Here we gather, week after week, hopefully with a sense that something is supposed to happen when the people of God get together.  When we come together for worship, or a few moments we have the chance to be still together.  And to open our mouths in praise together.  To humble our hearts together in confession of our sins and of the sins we see taking place in the world, for which we beg God’s mercy.  Collectively we gather to give our thanks; thereby remembering that we are not our own.  In fact, apart from God, we really can do nothing – except maybe mess things up in our personal and public lives.  Worship is intended to give us space together to be taken up into the presence of the Living God – to be filled, like those first disciples, filled up with the Holy Spirit.  Not because it can’t happen anywhere else in our lives; but because in good days and in bad, we can count on it to happen here.  If not in ourselves, then in the person down the pew who is basking in God’s steadfast love.  In the little child across the sanctuary who is eager to learn.  In the stranger who is grateful to find acceptance here.  Even if it has felt like a million years since the Spirit of God has been flowing through us individually; together here, we are a part of the body of Christ.  Enlivened by the Holy Spirit to be miraculous in the world each day!  Living lives that show what can happen when God’s people come together.

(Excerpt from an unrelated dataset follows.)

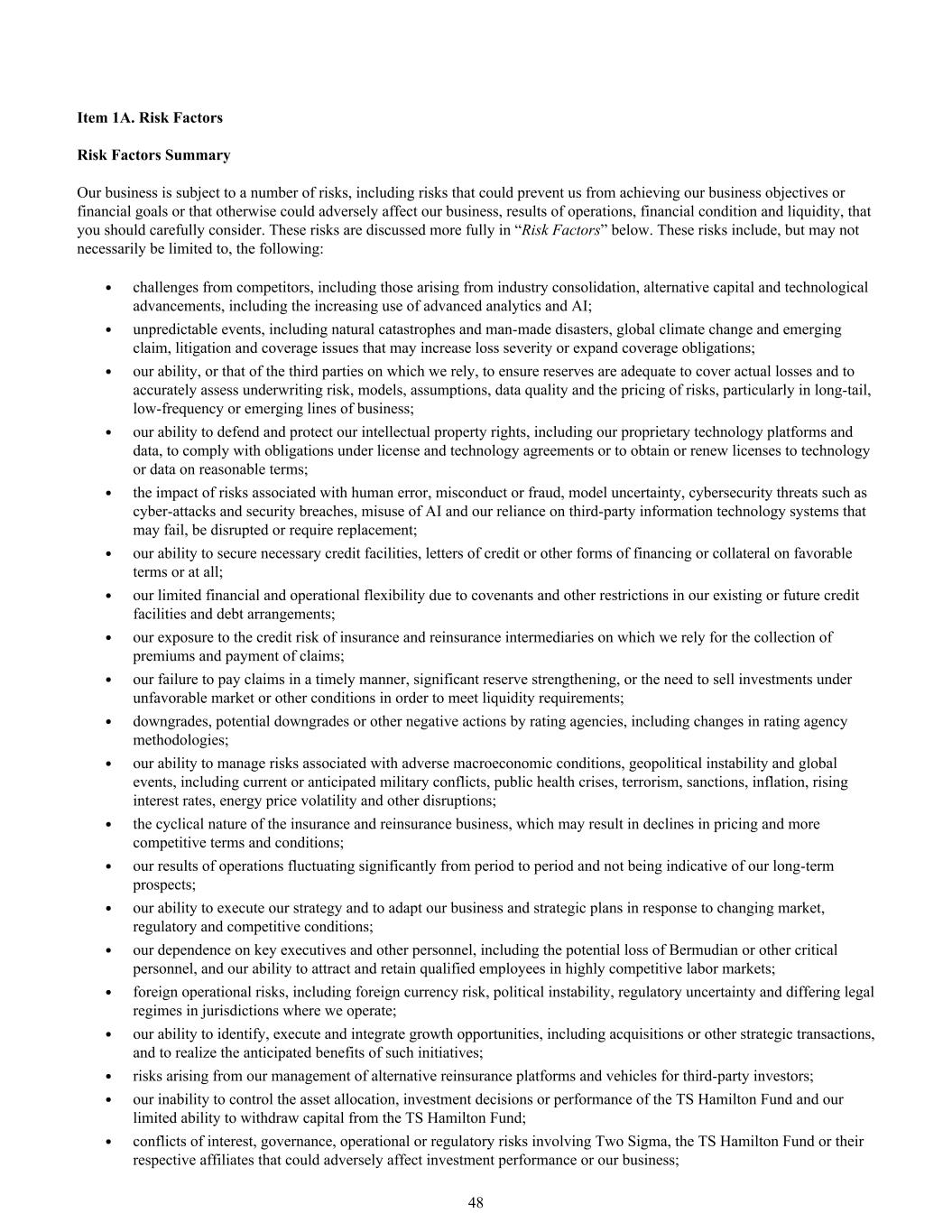 Item 1A. Risk Factors Risk Factors Summary Our business is subject to a number of risks, including risks that could prevent us from achieving our business objectives or financial goals or that otherwise could adversely affect our business, results of operations, financial condition and liquidity, that you should carefully consider. These risks are discussed more fully in “Risk Factors” below. These risks include, but may not necessarily be limited to, the following: • challenges from competitors, including those arising from industry consolidation, alternative capital and technological advancements, including the increasing use of advanced analytics and AI; • unpredictable events, including natural catastrophes and man-made disasters, global climate change and emerging claim, litigation and coverage issues that may increase loss severity or expand coverage obligations; • our ability, or that of the third parties on which we rely, to ensure reserves are adequate to cover actual losses and to accurately assess underwriting risk, models, assumptions, data quality and the pricing of risks, particularly in long-tail, low-frequency or emerging lines of business; • our ability to defend and protect our intellectual property rights, including our proprietary technology platforms and data, to comply with obligations under license and technology agreements or to obtain or renew licenses to technology or data on reasonable terms; • the impact of risks associated with human error, misconduct or fraud, model uncertainty, cybersecurity threats such as cyber-attacks and security breaches, misuse of AI and our reliance on third-party information technology systems that may fail, be disrupted or require replacement; • our ability to secure necessary credit facilities, letters of credit or other forms of financing or collateral on favorable terms or at all; • our limited financial and operational flexibility due to covenants and other restrictions in our existing or future credit facilities and debt arrangements; • our exposure to the credit risk of insurance and reinsurance intermediaries on which we rely for the collection of premiums and payment of claims; • our failure to pay claims in a timely manner, significant reserve strengthening, or the need to sell investments under unfavorable market or other conditions in order to meet liquidity requirements; • downgrades, potential downgrades or other negative actions by rating agencies, including changes in rating agency methodologies; • our ability to manage risks associated with adverse macroeconomic conditions, geopolitical instability and global events, including current or anticipated military conflicts, public health crises, terrorism, sanctions, inflation, rising interest rates, energy price volatility and other disruptions; • the cyclical nature of the insurance and reinsurance business, which may result in declines in pricing and more competitive terms and conditions; • our results of operations fluctuating significantly from period to period and not being indicative of our long-term prospects; • our ability to execute our strategy and to adapt our business and strategic plans in response to changing market, regulatory and competitive conditions; • our dependence on key executives and other personnel, including the potential loss of Bermudian or other critical personnel, and our ability to attract and retain qualified employees in highly competitive labor markets; • foreign operational risks, including foreign currency risk, political instability, regulatory uncertainty and differing legal regimes in jurisdictions where we operate; • our ability to identify, execute and integrate growth opportunities, including acquisitions or other strategic transactions, and to realize the anticipated benefits of such initiatives; • risks arising from our management of alternative reinsurance platforms and vehicles for third-party investors; • our inability to control the asset allocation, investment decisions or performance of the TS Hamilton Fund and our limited ability to withdraw capital from the TS Hamilton Fund; • conflicts of interest, governance, operational or regulatory risks involving Two Sigma, the TS Hamilton Fund or their respective affiliates that could adversely affect investment performance or our business; 48
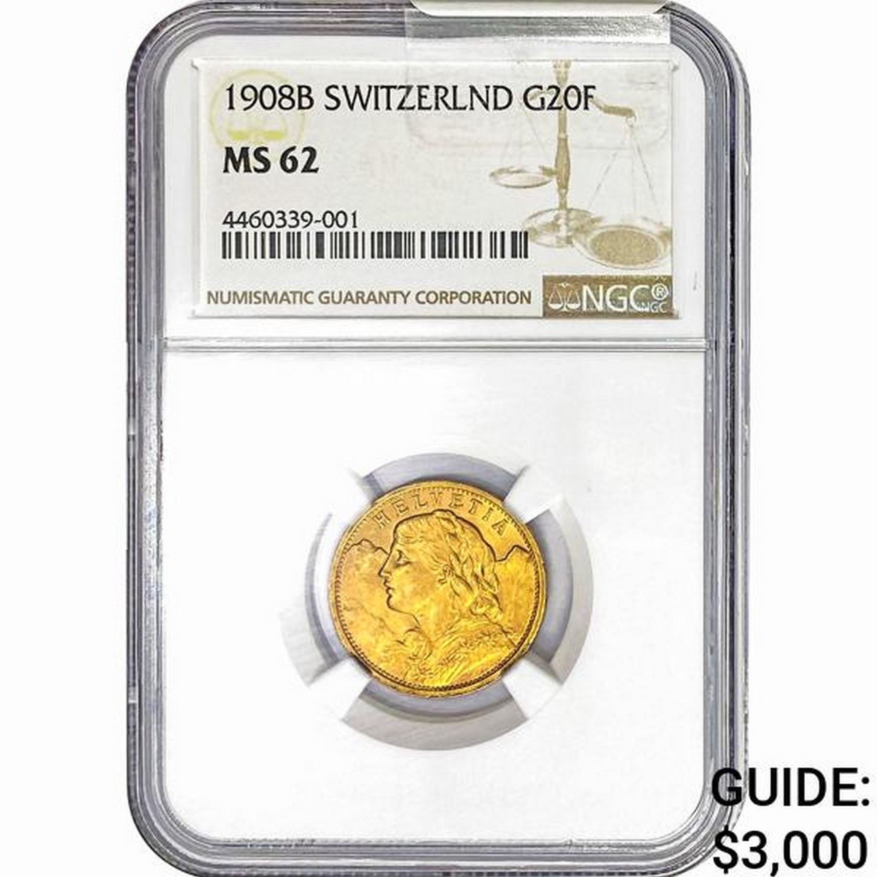 1908 B Switzerland .186oz Gold 20 Francs NGC MS62

We celebrate that amazing day today – that first Pentecost festival after Christ had risen.  It was customary for faithful Jews to observe Pentecost – sometimes calling it the Festival of Weeks.  “As the fiftieth day after the presentation of the first sheaf of the barley harvest,” Pentecost came to be “considered the anniversary of the giving of the law at Sinai” (Donald K. McKim, Feasting on the Word, Yr. B, Vol. 3, p. 4 & 6).  The day marked the reminder that the law was meant to guide the people of Israel in living according to God’s will.  That way, the community would reflect the very nature of God.  . . .  For the church, Pentecost marks the advent of a new guide.  A new advocate – a new power that dwells within as we seek to live out God’s will as shown to us in Jesus, the Christ.  One commentator has written that “the story of Pentecost . . .  seeks to communicate how important the church is and how inseparable it is from Christ.”  She writes:  “Pentecost serves as a catechetical instruction that continues to tradition the church into its identity and purpose.  Every year, on the Day of Pentecost, we are reminded of who we are as a church, what we proclaim, and the source of that proclamation.  It is a message to the church from the church, passed down through millennia to each generation” (Kristin Emery Saldine, Ibid., p. 4).  That we might be guided by the Spirit today!  That together we might accomplish the task needed next in the world around us.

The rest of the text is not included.